▸ SOURCE DATA
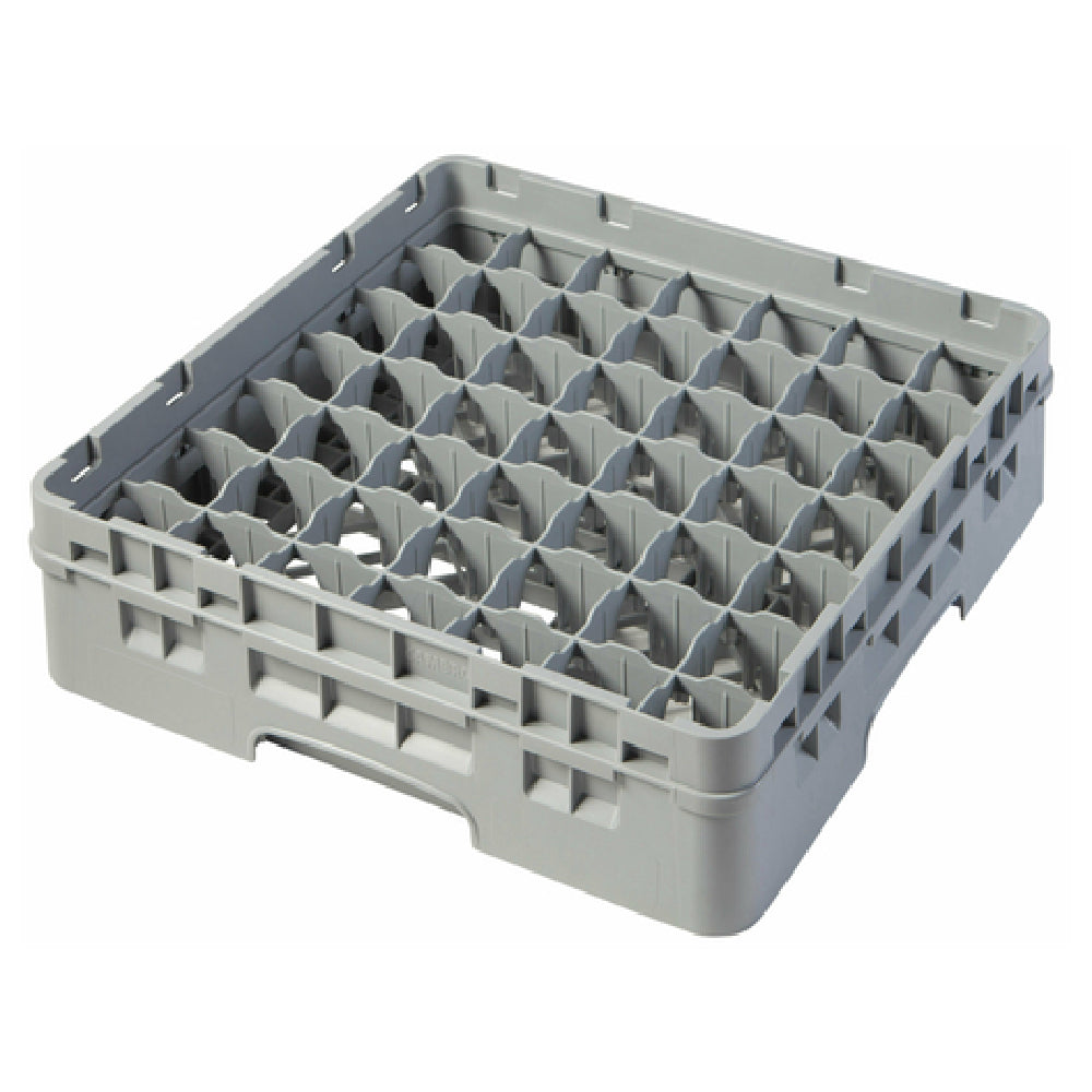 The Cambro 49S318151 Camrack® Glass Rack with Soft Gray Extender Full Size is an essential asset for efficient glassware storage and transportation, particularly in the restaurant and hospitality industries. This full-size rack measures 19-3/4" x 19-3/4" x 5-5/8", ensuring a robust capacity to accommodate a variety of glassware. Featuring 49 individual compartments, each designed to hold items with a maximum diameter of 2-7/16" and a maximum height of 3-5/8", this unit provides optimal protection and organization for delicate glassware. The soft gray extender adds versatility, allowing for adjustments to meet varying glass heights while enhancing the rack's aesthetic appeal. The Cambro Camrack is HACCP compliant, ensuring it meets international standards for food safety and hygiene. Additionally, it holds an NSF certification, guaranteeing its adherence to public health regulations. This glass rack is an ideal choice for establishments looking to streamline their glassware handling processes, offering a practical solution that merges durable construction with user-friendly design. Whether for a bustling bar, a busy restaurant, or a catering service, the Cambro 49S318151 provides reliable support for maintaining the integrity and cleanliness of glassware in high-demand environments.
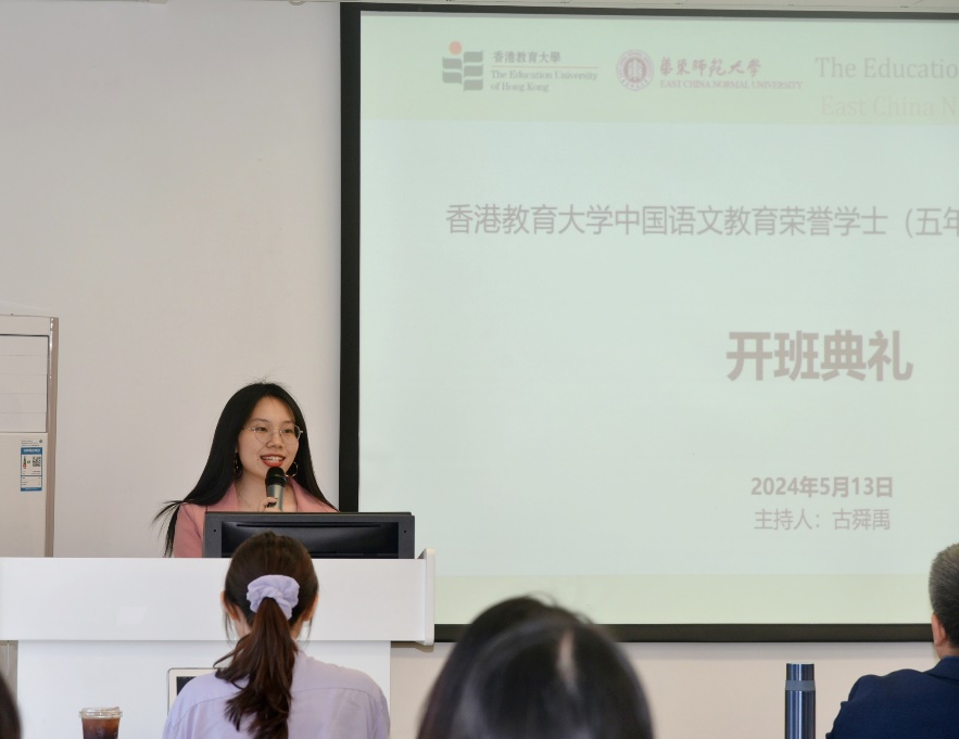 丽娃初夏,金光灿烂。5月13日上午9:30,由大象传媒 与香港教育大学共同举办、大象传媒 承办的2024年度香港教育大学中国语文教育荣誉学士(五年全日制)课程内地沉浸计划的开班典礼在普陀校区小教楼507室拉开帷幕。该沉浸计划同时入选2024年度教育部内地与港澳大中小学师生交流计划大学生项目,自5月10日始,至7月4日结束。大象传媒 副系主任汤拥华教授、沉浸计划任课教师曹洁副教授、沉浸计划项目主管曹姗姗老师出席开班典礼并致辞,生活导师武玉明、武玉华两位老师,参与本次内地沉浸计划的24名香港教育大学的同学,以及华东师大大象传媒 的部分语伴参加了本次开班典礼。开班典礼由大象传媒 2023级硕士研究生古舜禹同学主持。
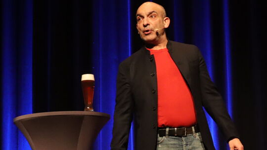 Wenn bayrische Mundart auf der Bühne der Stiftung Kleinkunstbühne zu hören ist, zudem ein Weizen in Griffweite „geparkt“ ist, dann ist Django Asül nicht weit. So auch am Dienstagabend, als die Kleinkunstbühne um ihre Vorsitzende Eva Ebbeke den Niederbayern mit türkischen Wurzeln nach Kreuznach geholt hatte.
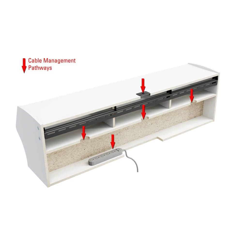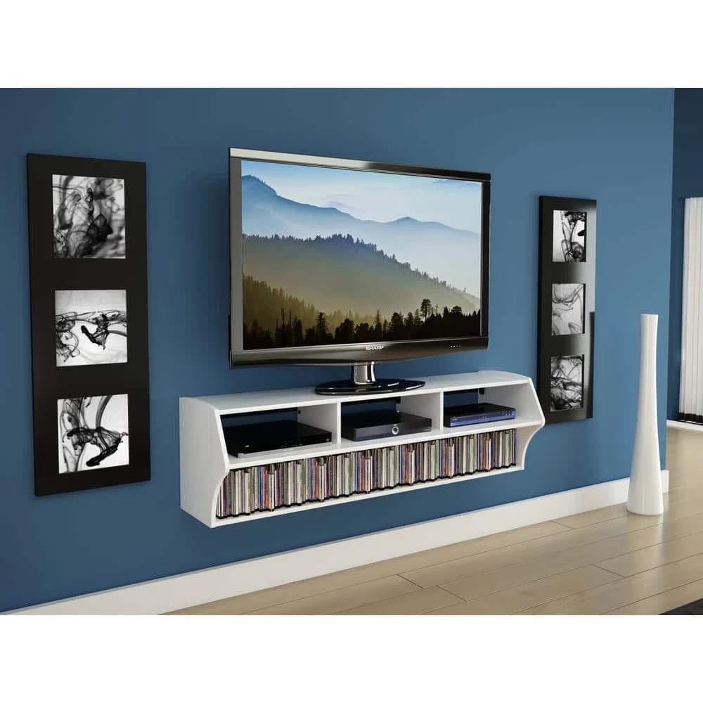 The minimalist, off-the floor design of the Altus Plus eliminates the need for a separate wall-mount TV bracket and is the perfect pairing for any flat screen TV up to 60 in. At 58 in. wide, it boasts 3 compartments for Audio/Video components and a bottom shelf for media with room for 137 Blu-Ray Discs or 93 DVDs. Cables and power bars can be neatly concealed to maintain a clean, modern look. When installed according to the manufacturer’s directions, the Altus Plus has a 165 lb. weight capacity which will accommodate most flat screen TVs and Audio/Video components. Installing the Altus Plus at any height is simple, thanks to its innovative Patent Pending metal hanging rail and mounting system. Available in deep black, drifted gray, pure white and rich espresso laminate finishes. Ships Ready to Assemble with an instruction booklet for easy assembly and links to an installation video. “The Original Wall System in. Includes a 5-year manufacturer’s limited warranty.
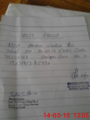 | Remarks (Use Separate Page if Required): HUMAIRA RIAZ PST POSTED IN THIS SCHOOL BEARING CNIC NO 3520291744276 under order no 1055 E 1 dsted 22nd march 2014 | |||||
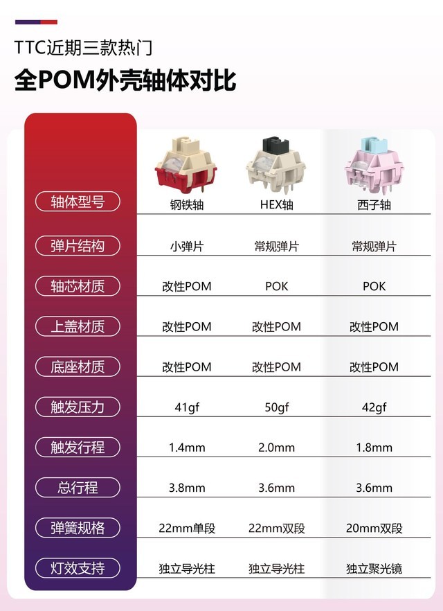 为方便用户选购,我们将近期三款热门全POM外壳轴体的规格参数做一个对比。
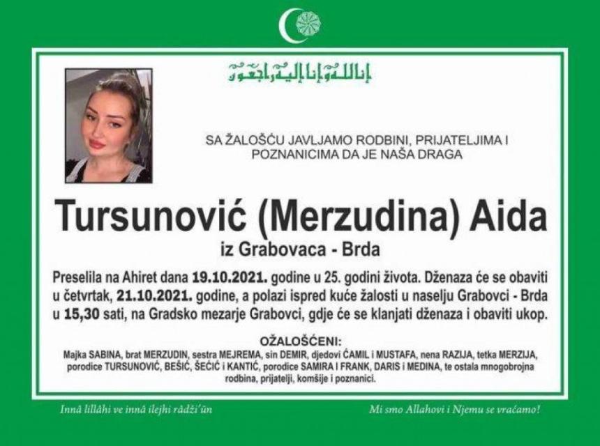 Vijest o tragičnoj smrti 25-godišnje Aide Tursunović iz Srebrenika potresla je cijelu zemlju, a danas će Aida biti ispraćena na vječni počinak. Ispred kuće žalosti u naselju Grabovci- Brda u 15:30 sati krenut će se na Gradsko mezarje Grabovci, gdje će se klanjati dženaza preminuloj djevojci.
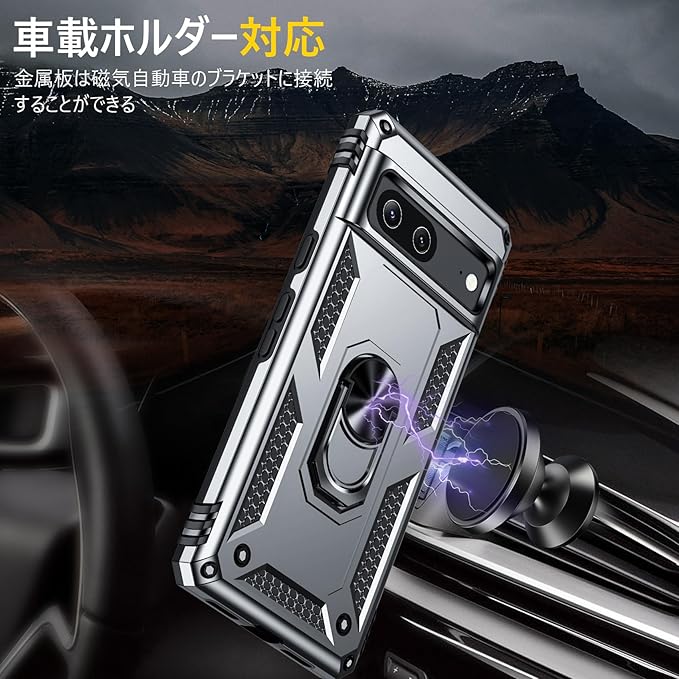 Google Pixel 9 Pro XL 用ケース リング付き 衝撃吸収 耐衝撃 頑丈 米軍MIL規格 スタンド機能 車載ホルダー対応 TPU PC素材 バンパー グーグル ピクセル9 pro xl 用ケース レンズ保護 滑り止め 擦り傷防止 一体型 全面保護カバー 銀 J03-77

▸ ABOUT THIS EXERCISE
Your output should be only the lines from the line with "Vijest o tragičnoj" through the end of the data, exactly as they stand, and no pictures.

▸ YOUR SOLUTION
 Vijest o tragičnoj smrti 25-godišnje Aide Tursunović iz Srebrenika potresla je cijelu zemlju, a danas će Aida biti ispraćena na vječni počinak. Ispred kuće žalosti u naselju Grabovci- Brda u 15:30 sati krenut će se na Gradsko mezarje Grabovci, gdje će se klanjati dženaza preminuloj djevojci.
 Google Pixel 9 Pro XL 用ケース リング付き 衝撃吸収 耐衝撃 頑丈 米軍MIL規格 スタンド機能 車載ホルダー対応 TPU PC素材 バンパー グーグル ピクセル9 pro xl 用ケース レンズ保護 滑り止め 擦り傷防止 一体型 全面保護カバー 銀 J03-77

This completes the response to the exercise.